Many usenet providers offer bulk data plans, rather than continual subscriptions. This means you buy x GB of bandwidth, and you use it on whatever time table you like.These are great if you don't do a lot of downloading, or if you're just trying it out, or if you're using usenet as a secondary or tertiary source for things.

Like the fesiverse, most usenet providers do not provide a full view of the whole network, so it can also be good to have a secondary provider that has different retention policies, so a lot of usenet users will buy these data blocks for that purpose, as well.

[–] Kichae@lemmy.ca 3 points 1 week ago (1 children)

GoG isn't the publisher. Y'all don't read the shit you agree to, and know fuck all about media distribution. You've never owned a video game, a movie, or even a book that isn't in the public domain. You've only ever owned licenses for personal use, and those licenses have always been provisional and revokable. Always. Your ignorance is not change that.

[–] Kichae@lemmy.ca -5 points 1 week ago (12 children)

You really need to look at what you're buying. Whether it's a download, a DVD, or damn floppy disk, you're still just buying a license. A very revokable license. If it's online, the publisher can cut you off.

[–] Kichae@lemmy.ca 14 points 1 week ago (3 children)

So, they're both out to fuck everyone, and just playing for different teams?
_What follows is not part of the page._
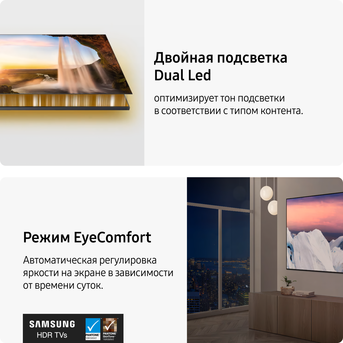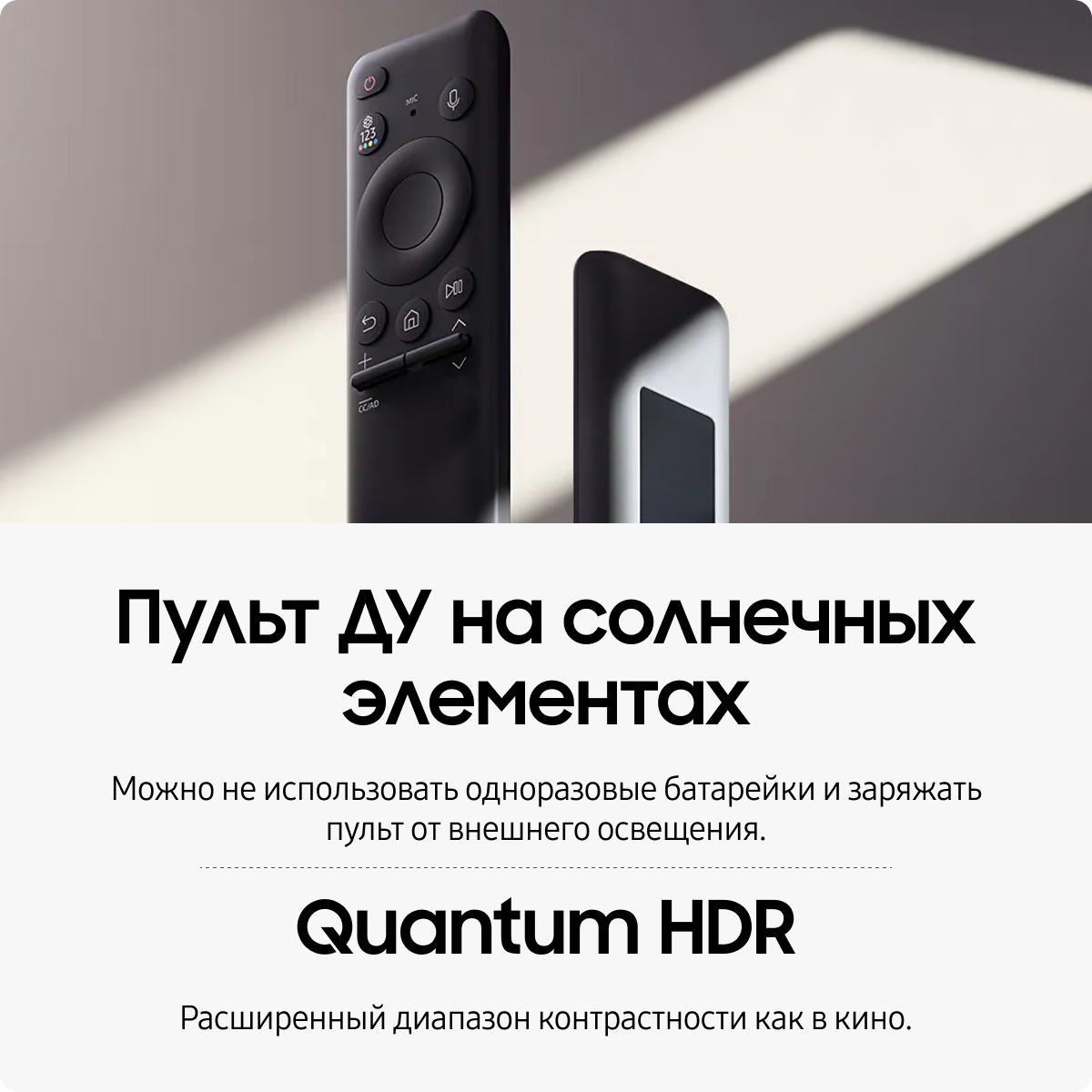 Телевизор QLED Samsung QE65Q70CAUXRU демонстрирует изображение в разрешении 4K UltraHD. Это первый в мире телевизор, получивший сертификацию от компании PANTONE, самого известного авторитета в области сертификации цвета. Теперь вы можете наслаждаться более реалистиным и комфортным для глаз изображением. Интеллектуальный процессор Quantum 4K оптимизирует изображение и звук, чтобы обеспечить захватывающий опыт просмотра. Благодаря функции Motion Xcelerator Turbo+ в телевизоре представлено исключительное качество передачи движения в формате 4K 120 Гц, вы сможете наслаждаться плавностью игровых сцен без задержек. Динамическая оптимизация цветовых тонов с помощью технологии HDR10 обеспечивает более глубокие оттенки чёрного и белого. Smart Hub оптимизирует подбор контента, благодаря чему вы тратите меньше времени на поиск и больше времени на просмотр фильмов, любимых программ или игр. В режиме EyeComfort автоматически регулируется яркость и цвета объектов на экране в зависимости от времени суток, что снимает усталость и напряжение глаз. Наслаждайтесь более реалистичными цветами и чёткой контрастностью благодаря технологии двойной подсветки Dual LED, которая оптимизирует тон подсветки в соответствии с типом просматриваемого контента. Технология OTS Lite: объёмный иммерсивный звук с виртуальными верхними динамиками позволит полностью погрузиться в происходящее на экран. Уникальная технология Q-Symphony позволяет динамикам телевизора и саундбара работать синхронно без отключения ТВ динамиков, что обеспечивает более гармоничное звуковое сопровождение изображения. Использование технологии AMD FreeSync позволяет снизить эффекты торможения и разрыва изображения. Телевизоры сертифицированные по технологии AMD FreeSync Premium Pro Tier поддерживают игровой режим с поддержкой формата HDR. Наслаждайтесь просмотром, а об остальном позаботится умный помощник. Приложение SmartThings может легко подключаться к смарт-устройствам, отслеживать и контролировать их, чтобы обеспечить интуитивно-понятное управление умным домом через встроенный хаб.

[–] Kichae@lemmy.ca 1 points 1 week ago

That's markets in action. Housing being a market means that it responds to whoever is feeding money into it, and those tend to be people who want to get that money (and more) back out of the market again, not those who are interested in solving things like "housing problems".

[–] Kichae@lemmy.ca 7 points 2 weeks ago* (last edited 2 weeks ago)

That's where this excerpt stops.